Man Files Civil Rights Lawsuit Over Alleged LAPD Beating - NBC Southern California

Man Files Civil Rights Lawsuit Over Alleged LAPD Beating



     Man Files Civil Rights Lawsuit Over Alleged LAPD Beating

    A man has has accused Los Angeles Police Department officers of beating him unconscious in a civil rights violation lawsuit filed in federal court Friday.

    Clinton Alford Jr. claims he was riding his bike home on Oct. 16 when an officer tried to stop him in South LA.

    In his legal papers, the 22-year-old says he was scared and decided to run away, which led to a chase.

    Alford alleges he was chased down by officers, who used a Taser on him before hitting and kicking him. He claims that despite not resisting arrest he was kicked so forcefully that he blacked out and lost a filling.

    A store's surveillance camera captured the incident but the video has not been released.

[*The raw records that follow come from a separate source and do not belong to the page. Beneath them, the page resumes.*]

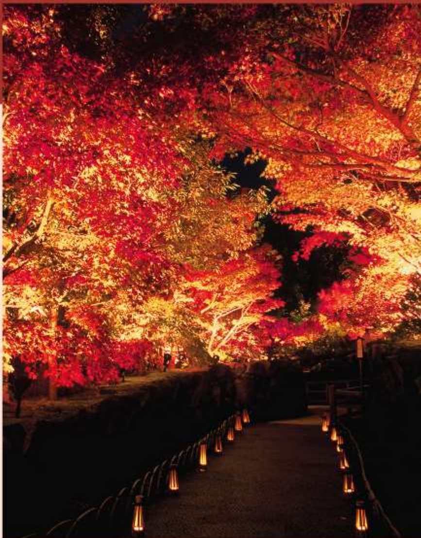
(由志園 夜間鑑賞) 開催期間/11月中旬~12月上旬

山陰地區最大規模池泉回遊式庭園。 紅葉點燈，邀您步入與白晝截然不同、 唯美夢幻的深夜幻境。
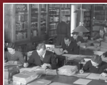
Riigi Keskarhiivi lugemissaal. Kaader filmist EKF rv. nr 13, 1938
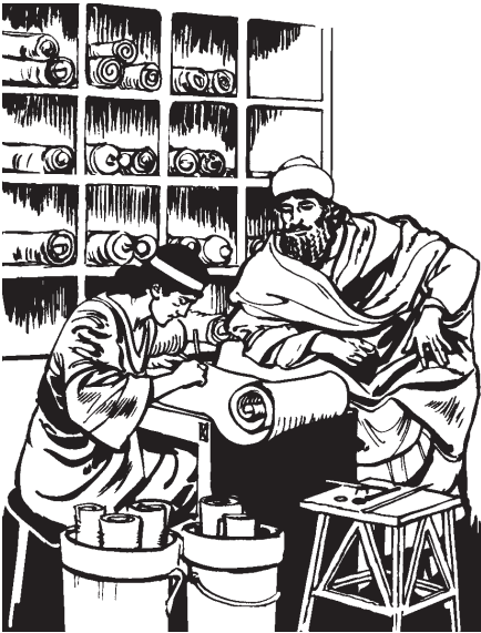
Quijcuilo se amacamanali ica itequihuejcayo nopa tlanahuatijquetl.

nopa amatlajtoli nopa tlanahuatijquetl quinnahuatiyaya israelitame ipan campa hueli altepetini ipan nochi municipios ipan nochi tlaltini ma mosentilica para momanahuise. Quincahuili ma quinmictica huan ma quintzontlamiltica nochi tlen quinequiyayaj quintehuisse yonque tlacame, sihuame o coneme. Nojquiya quinnahuati ma quicuica nochi tlen eliyaya iniaxca tlen quintehuisnequiyayaj. 12 Nochi ya ni monequi quichihuase ipan san se tonal ipan nochi ialtepehua Tlanahuatijquetl Asuero. Huan nopa tonal tlen quiixtlalijtoya elqui ipan 13 itequi nopa metztli majtlaclti huan ome, nopa metztli Adar ipan toisraelita calendario g ipan ne seyoc xihuitl. 13 Huan se iixcopinca nopa amatlajcuiloli monejqui ma tenextilica ipan campa hueli municipio huan ma tematiltica ipan nochi pilaltepetzitzi para queja nopa onca tlanahuatili. Huan quinnahuati israelitame ma mocualtlalise para nopa tonal para quincuepilise inincualancaitacahua tlen

    The City of Los Angeles, Police Chief Charlie Beck and five officers are cited in the lawsuit.

    The department declined to comment on the lawsuit, however Chief Beck said in a statement last month he is "extremely concerned about this particular use of force." The LAPD launched an investigation into the incident last month.

    LAPD Cmdr. Andrew Smith said the officers are on paid leave as the LAPD investigates and urged anyone with information to come forward. The incident is also being reviewed by the department's independent inspector general and the district attorney's office.

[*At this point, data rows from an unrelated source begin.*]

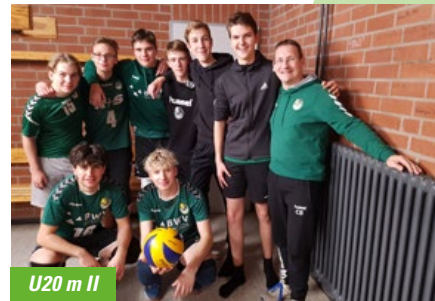
U20 m II
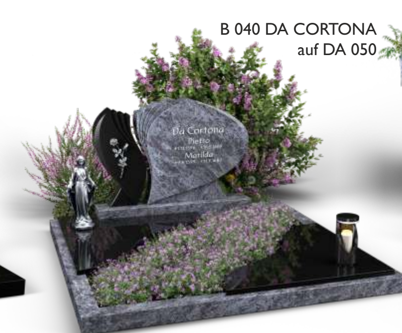
B 040 DA CORTONA auf DA 050
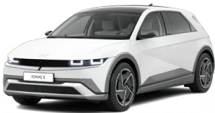
Atlas White Matná metalická Cena: 24 900 Kč
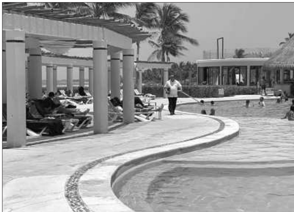
▲ El comisionado de la CROC puntualizó que 80 por ciento de la clase trabajadora es derechohabiente, pero no tiene atención digna de salud cercana y por ende tienen que desplazarse hasta Playa del Carmen o Cancún e incluso a Valladolid, Yucatán.

“Al gestionar con las empresarias y los empresarios directamente, se puede lograr un precio más justo; para que podamos ver estos productos exhibidos en tiendas departamentales, para verlos en restaurantes, en hoteles y en lugar de que lleguen a una central de abastos en la Ciudad de México y luego regresen acá y se compren a un precio mayor, mejor que se compren directamente y tener una mejor economía”, enfatizó.
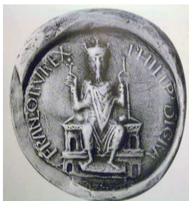
Primeiro selo do rei Felipe I (73 mm de diâmetro) – Paris, Archives Nationales, collection de sceaux D 33 (molde a partir da impressão sobre um ato do 1º de agosto de 1068, Archives Nationales, K 20 n° 4) (PHILIP(us) D(e)i GR(aci)A / FRANCORV(m) REX). Ver Corpus des sceaux français du Moyen Âge. Tome II, op. cit. , p. 142, n° 63.

A maneira como Felipe I é apresentado na crônica de Saint-Martin-des-Champs é próxima dos selos em majestade, tipo de selo que aparece no final do século X com o imperador germânico Oto III e se difunde na primeira metade do século XI 14 . Henrique I é o primeiro dos reis capetianos a adotar esta forma sigilada onde se prenuncia a configuração de uma imagem de autoridade real ou leiga. O primeiro selo de Felipe I se calca no de seu pai: sentado de face sobre um banco com dois andares de arcadas e os pés apoiados sobre um estrado, o rei, barbado e com cabelos curtos, leva uma coroa de três pontas; vestido com uma longa dalmática e um manto curto preso no ombro direito por um broche redondo e a ponta tombando no peito, ele segura uma verga florida com a mão direita e um cetro com a esquerda 15 .
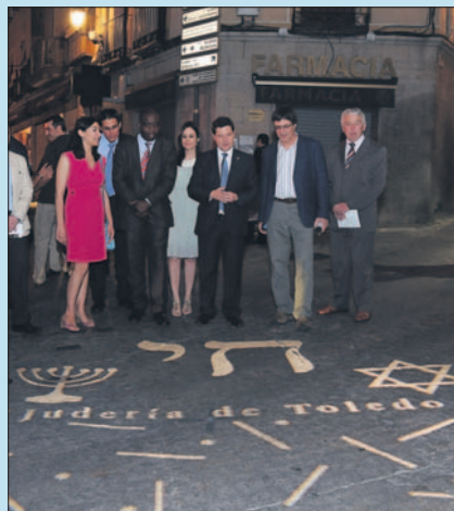
La nueva iluminación de la judería está siendo un éxito.

lizan dos veces a la semana, los lunes y los miércoles a las 22:00 horas, iniciándose en la plaza del Consistorio.
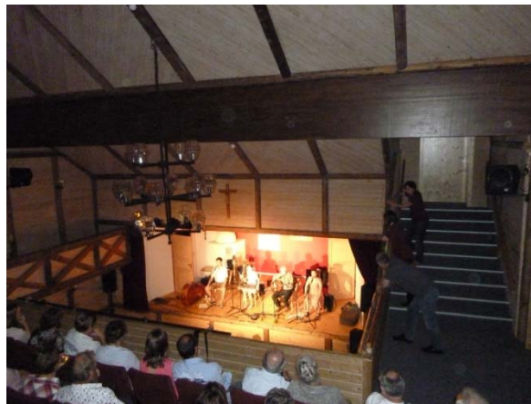
Blick von der Galerie
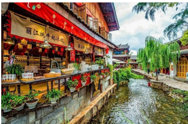
Trấn cổ Lệ Giang

Ăn sáng tại khách sạn, Xe và HDV đưa đoàn khởi thăm quan khu du lịch cấp 4A của Trung Hoa là Thành cổ Đại Lý – phía nam thành cổ đại lý là nước xanh biếc của hồ Nhĩ Hải, phía Tây là quanh năm cây cối tươi xanh của dãy núi Thương Sơn, nơi đây chính là nơi du khách thường hay nhắc đến với cảnh Phong hoa tuyết nguyệt , trải nghiệm cảm giác cổ quốc Nam triệu nhã tình, bạn hoàn toàn có thể buông mình và tận hưởng sự ấm áp của ánh nắng chiếu thành cổ trong làn gió nhẹ nhẹ. Thỉnh thoảng nở nụ cười trên môi với những du khách lạ có duyên ngộ đi ngược chạm vai với mình.

    "Let me be very clear. Any officer that is found to abuse the public is not welcome in this department, and we will apply whatever legal or administrative means necessary to insure the community's trust without exception," Beck said.

    Alford's attorney, Caree Harper, said two charges against him — resisting arrest and possession of rock cocaine for sale — have been dismissed. He's still charged with drug possession for personal use, but Harper said she's confident it will be eventually dismissed.